**Work to be completed:**
Out of the material that follows, write out exactly the lines from the line with "I first published" to the line with "Lot of 2 leather", both ends included, and no others.
#### Source records
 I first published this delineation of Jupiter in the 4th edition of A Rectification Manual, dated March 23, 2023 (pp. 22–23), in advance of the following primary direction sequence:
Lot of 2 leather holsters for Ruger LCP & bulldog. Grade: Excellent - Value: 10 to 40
########
#### Source records
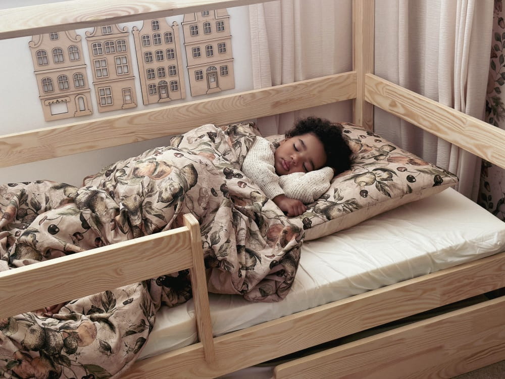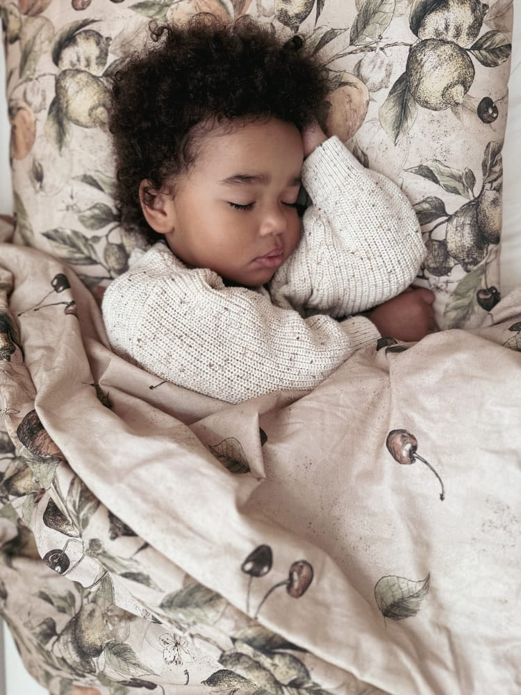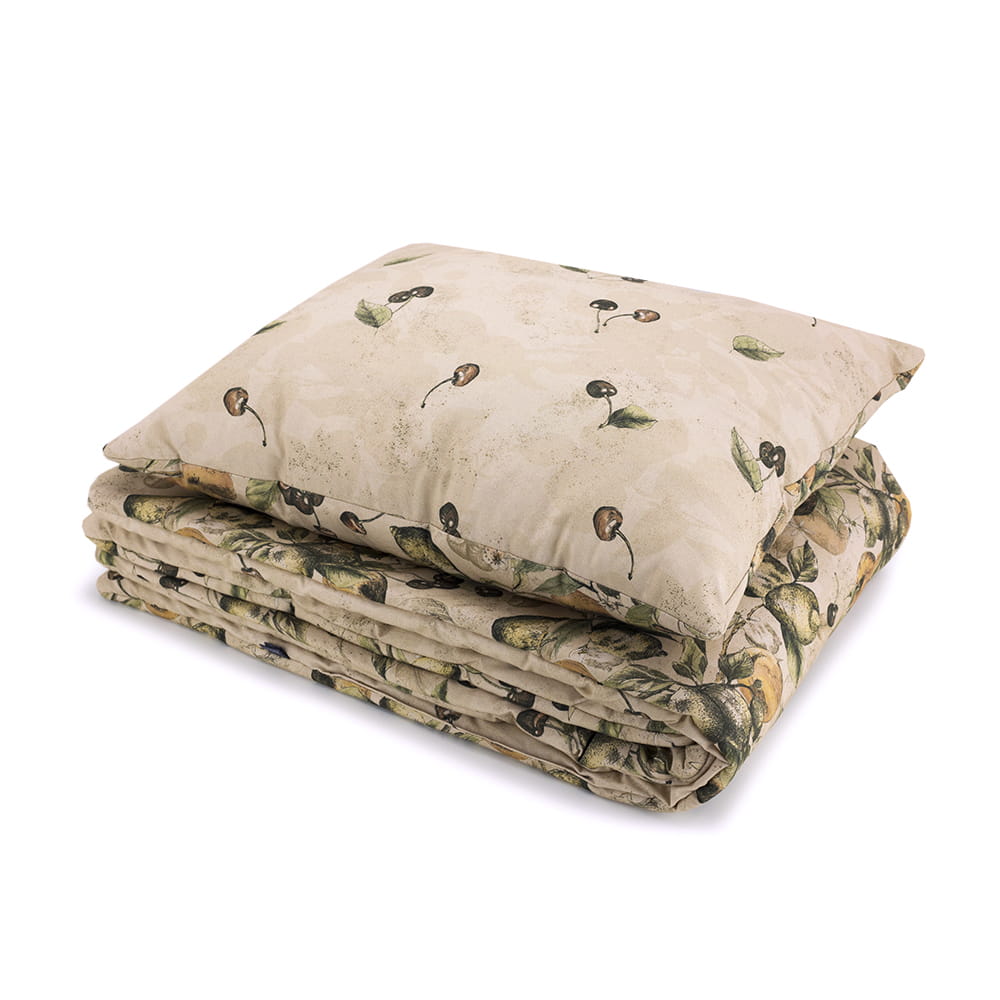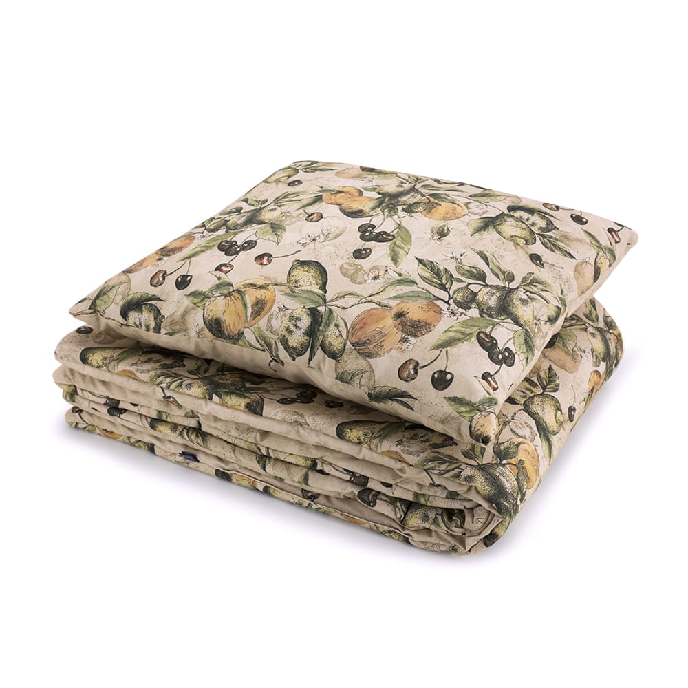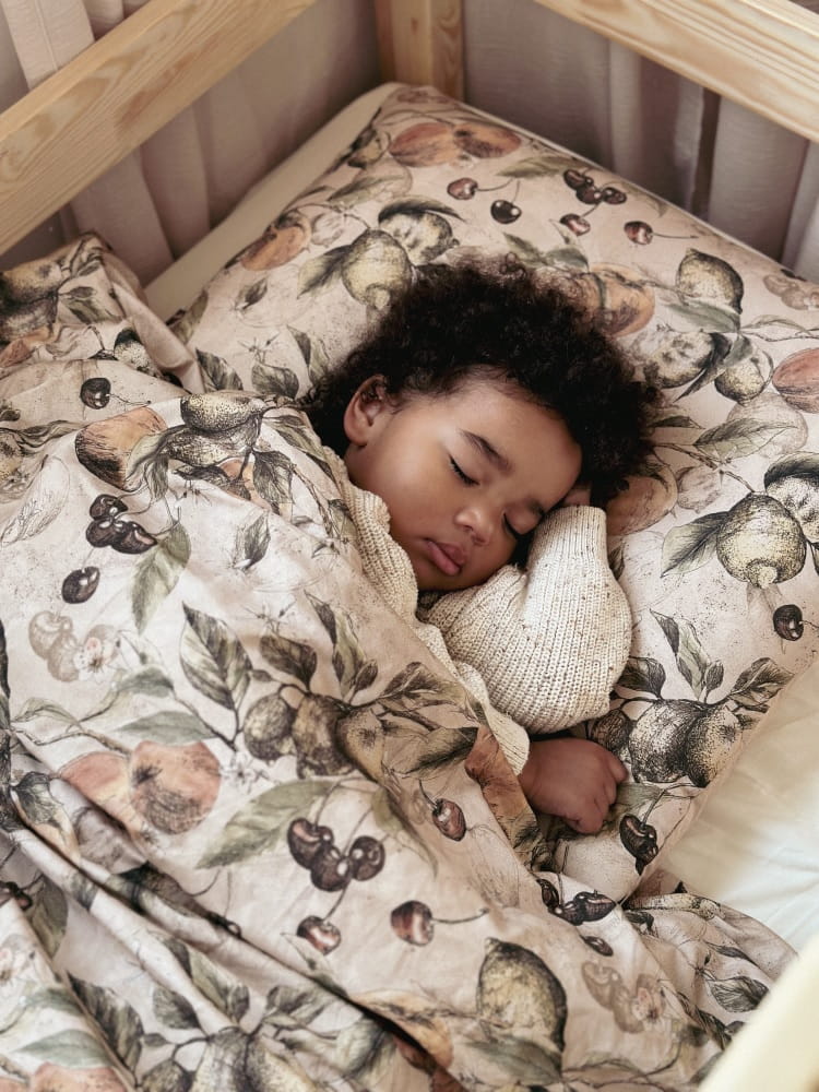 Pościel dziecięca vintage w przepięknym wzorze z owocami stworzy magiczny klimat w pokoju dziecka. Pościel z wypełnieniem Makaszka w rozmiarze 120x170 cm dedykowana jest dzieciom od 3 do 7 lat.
########
**Completed task:**
 I first published this delineation of Jupiter in the 4th edition of A Rectification Manual, dated March 23, 2023 (pp. 22–23), in advance of the following primary direction sequence:
Lot of 2 leather holsters for Ruger LCP & bulldog. Grade: Excellent - Value: 10 to 40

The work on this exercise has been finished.